Sycamore surveyed the shady alley behind them. The boy who’d been shuffling along in their wake was nowhere to be seen.

“A half-grown boy in unmatched boots isn’t a likely assassin, Goddard, and ending your life while I stroll along at your side on a Sunday afternoon hardly demonstrates the sort of discretion such a task calls for.”

Goddard gave two short, shrill whistles. “A half-grown boy can be a more effective assassin for being unexpected. Theodoric has turned over a new leaf, though. He is a purveyor of safety rather than mayhem these days, or so he claims.”

A rustling in the branches above was Sycamore’s warning to step back. An instant later, the boy dropped to the ground before him, as silently as a cat.

“Everything all right, guv?” the lad asked, eyeing Sycamore as a stern nanny regards a habitually naughty charge who has yet to begin the day’s round of offenses.

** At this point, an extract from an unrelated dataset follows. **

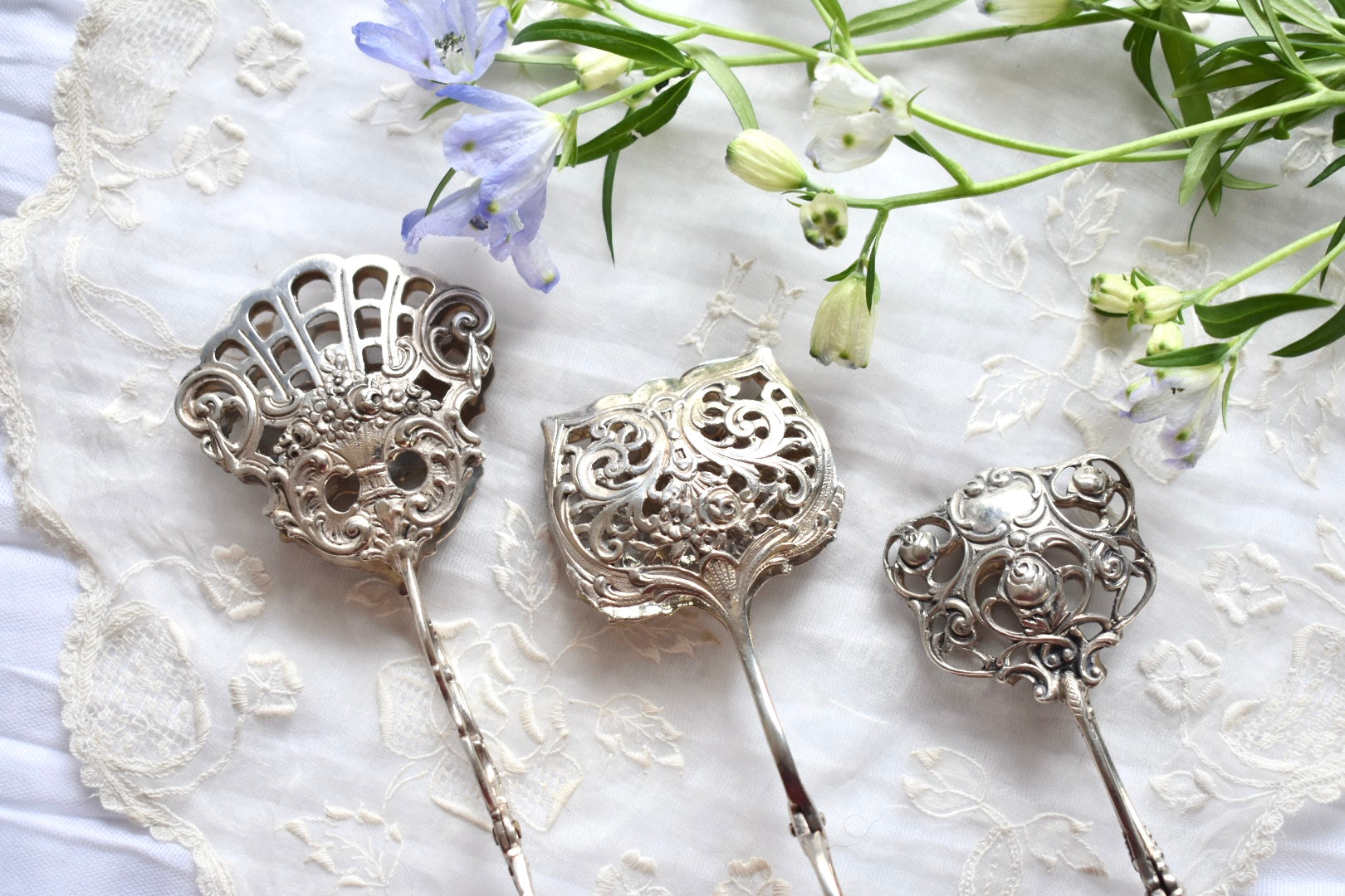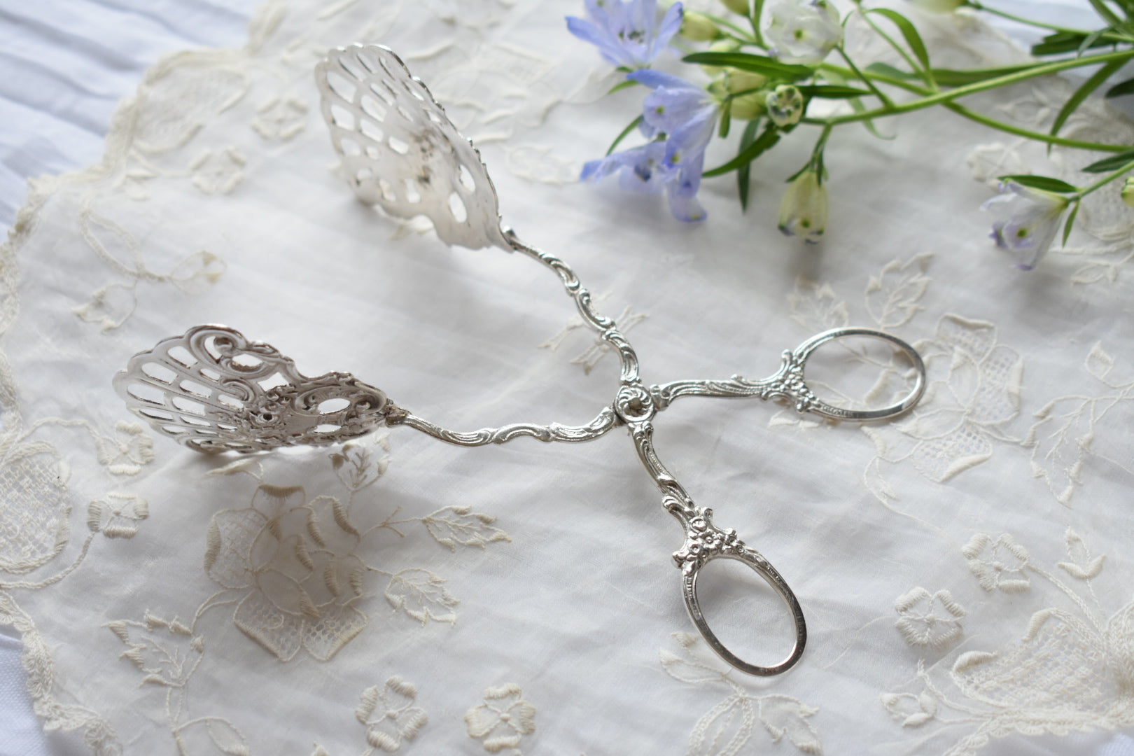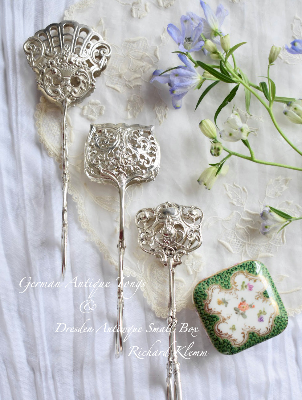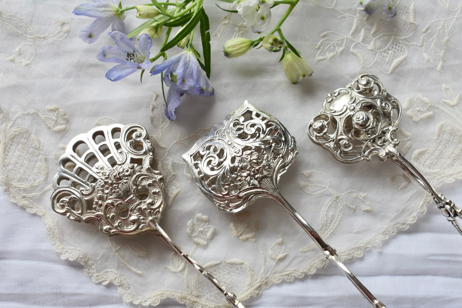 ドイツのアンティークシルバーのトング(3種)をご紹介いたします。

The lad was not quite the genuine article. His boots were unmatched, true, but they fit, they were neatly laced, and they were sturdy enough. His clothing was wrinkled past all hope, though clean. His hands were also clean—a sure sign of some security in life, for soap and water to wash with were in short supply on the street. Then too, the lad was skinny but not gaunt.

Somebody fed him regularly, and that somebody was apparently Colonel Sir Orion Goddard.